BRUSSELS (Reuters) - Usually, a golden rule for a news photographer covering a scene of angry confrontation is to get close, but not involved. Sometimes, though, it’s hard to avoid.
In recent days, “yellow vest” protests have spread to Belgium from France. I followed hundreds of people marching through Brussels on Saturday to demand lower fuel prices and better living conditions.
They were blocked from reaching the government quarter by riot police using water cannon and tear gas. Some of the crowd hurled rocks and firecrackers at them.
I could see the police were losing patience. So I picked a position close to them, so they could see I was a journalist doing my job and not part of the protest.
Police squads started surrounding protesters, sending in snatch teams to arrest individuals. As the march was organized on social media without approval from the authorities, police took the view that anyone involved can be detained and taken away. Most are quickly released without charge.

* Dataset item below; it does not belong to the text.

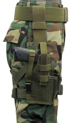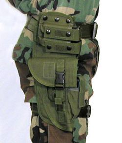 Taktisches Oberschenkelholster mit aufgesetzter Magazintasche. Durch das Sicherungsband mit Druckknopf kann die Waffe Blitzschnell gezogen werden. Dieses Sicherungsband wird wiederum durch ein Klettband gesichert, welches erst kurz vor dem Einsatz geöffnet wird. Dadurch wird verhindert, das der Druckknof im Einsatz unbeabsichtigt aufspringt. Diese Airborne Ausführung verfügt zusätzlich über ein weiteres Sicherungsband über das Griffstück, welches bei Wasser- oder Baumlandungen das herausreissen der Waffe verhindert. Am Boden wird dies geöffnet und kann hinter die Waffe gelegt werden. Passend für folgende Waffen: SIG-226,228, Sigma Glock 17,19,22,23,27, Ausführung rechts ab Lager, Linkshänder auf Bestellung.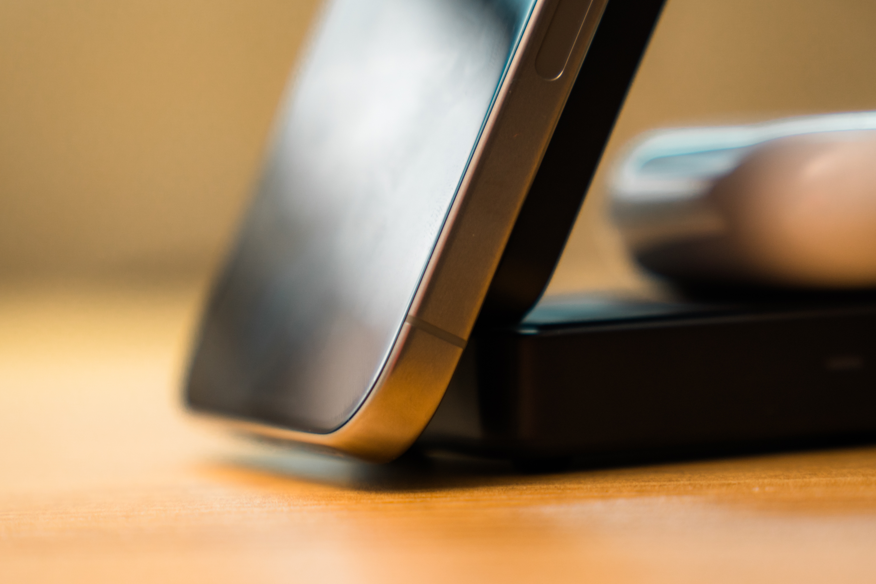 폴딩 구조라 크기는 확실히 작습니다. 한 손에 충분히 쥘 수 있을 정도. Qi2 충전부가 상단에 노출되어 있기에 폴딩한 상태로도 아이폰을 충전할 수 있습니다. 스탠드를 들어 올리면 에어팟 충전부를 쓸 수 있습니다. 스탠드 각도를 자유롭게 조절할 수 있는 프리스탑 구조로 원하는 각도로 폰을 거치할 수 있습니다. 아이폰 15 프로 맥스를 거치하면 바닥에 닿을 듯 말 듯한 높이입니다.

When one young man was seized, a young woman with him rushed toward the line of police, shouting that he had done nothing wrong. She had no mask or helmet and nothing in her hands. She wasn’t even wearing one of the fluorescent yellow vests adopted by the movement.
As she yelled at a policewoman, another officer standing behind the front rank pointed and fired a pepper-spray gun, dousing the young woman in the face. The photo I took dramatically captured the white liquid’s moment of impact and her anguished expression.
She turned away crying and sat down on the road, her eyes and face inflamed. I had a bottle of eyewash as part of my own safety equipment. I put my camera down, asked her to look up and carefully dropped the soothing liquid into her eyes.